Isabel laughed out loud and slowed down until Burgos caught us up. She flicked the indicator in response to his flashing headlights. I did not reply, but sat staring out at the empty countryside, the vast, sandy plain. We were still traveling at 120, but it felt as though we were stationary.
I lit a cigarette. Isabel took another that I passed to her, “Even though I’ve given up smoking,” she said. I told her the doctor’s theory: that two or three a day help prevent cancer. She agreed, we can’t give everything up. The world’s gone crazy, nowadays nobody smokes, nobody eats fat, people care more about whales and penguins than they do about street kids, homeless and dying of cold. They want to ban the bomb, but they dream of somebody wiping out the entire Arab world.
“Debora left me when she found out I had been in the National Shame during the dictatorship.”
“That wasn’t why she left you. You’d already been hoodwinked.”
“You call falling in love being hoodwinked?”
“While I was her prisoner, she told me one of your exploits had been to shoot an army officer, a brigade commander.”
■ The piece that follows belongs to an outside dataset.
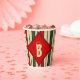Custom-made paper cups with cool retro style graphics personalized with your monogram are perfect for your Christmas parties and family get-togethers. A 1950's inspired pattern in warm, trendy colours of aurora red, ivy green, and cream. Substantial discount when bought in bulk quantities.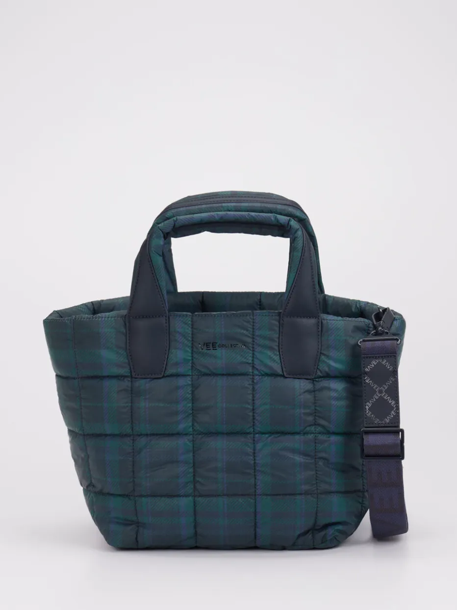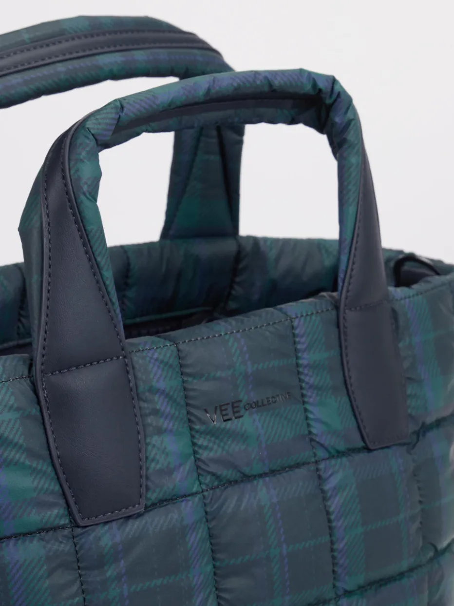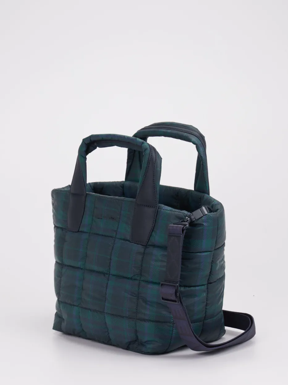 Der gesteppte Shopper aus Nylon kombiniert ein modernes Tartan-Muster mit praktischen Details und überzeugt durch stilvolle Funktionalität für den urbanen Alltag.

“That’s true, although there’s no report about it, so I don’t know how Debora could have known. After the ’76 coup the guy organized death squads in Morón, just outside Buenos Aires. They hunted people down, looted their homes—nothing remarkable in those days. The guerrilleros in the area began to drop one by one. I didn’t ask anybody’s permission. I knew him, and I knew where he lived, so one day I went to his place. He showed me in: “What a surprise, Martelli,” the bastard greeted me. “We haven’t seen each other since Caracas.” We had been together at a congress for the military and police in Venezuela, organized by the Yankee intelligence services. We came back with diplomas and everyt
hing, we looked like university professors. I still have the pictures in a trunk somewhere.”
“I heard he was pleased to see you. You shot him in the back of the head while he was pouring you coffee.”
“What was I supposed to do, read him his rights? Who told you all this anyway? He lived alone, he died alone.”
“No, he didn’t live or die alone. He was separated from his wife and had a young daughter. Over time she grew up and learned to dance the tango.”
10
Burgos flashed his lights and signaled for us to stop at a service-station café.
“I’m asleep at the wheel,” he said, staring into his mug of black coffee. “I can tell because what I’m dreaming about has nothing to do with the road in front. All of a sudden I find myself on a Caribbean island, stretched out on the beach, surrounded by dead bodies. I don’t have to do the autopsies because in a couple of hours the sun splits them open like the sharpest scalpel. That’s the life!”
Ayala and Rodríguez were fast asleep in the back of the V.W. Isabel told Burgos that perhaps he should have a rest too.
“No, I prefer to nod off on the straights,” the doctor replied. “You stay close behind me, and sound your horn if I start doing zigzags.”
So we set off again. It was still three hundred kilometers to Bahía Blanca, and night was falling. We did not try to stop the doctor driving. We trusted to fate. “Nothing will happen that is not already written,” Isabel said, although she confessed she was worried, not about Burgos and his companions, but about me.
“I thought I knew you, Gotán. Daddy had such a romantic view of you.”
“He kept the truth from you. Nobody is proud of having a policeman for a friend. We’re the hidden face, the Mr. Hydes for all those Dr. Jekylls with secretaries and the latest mobiles. And worse still, even if the revolution we were fighting for had triumphed, we would have gone on being policemen. At least capitalism gave me the opportunity to sell toilets.”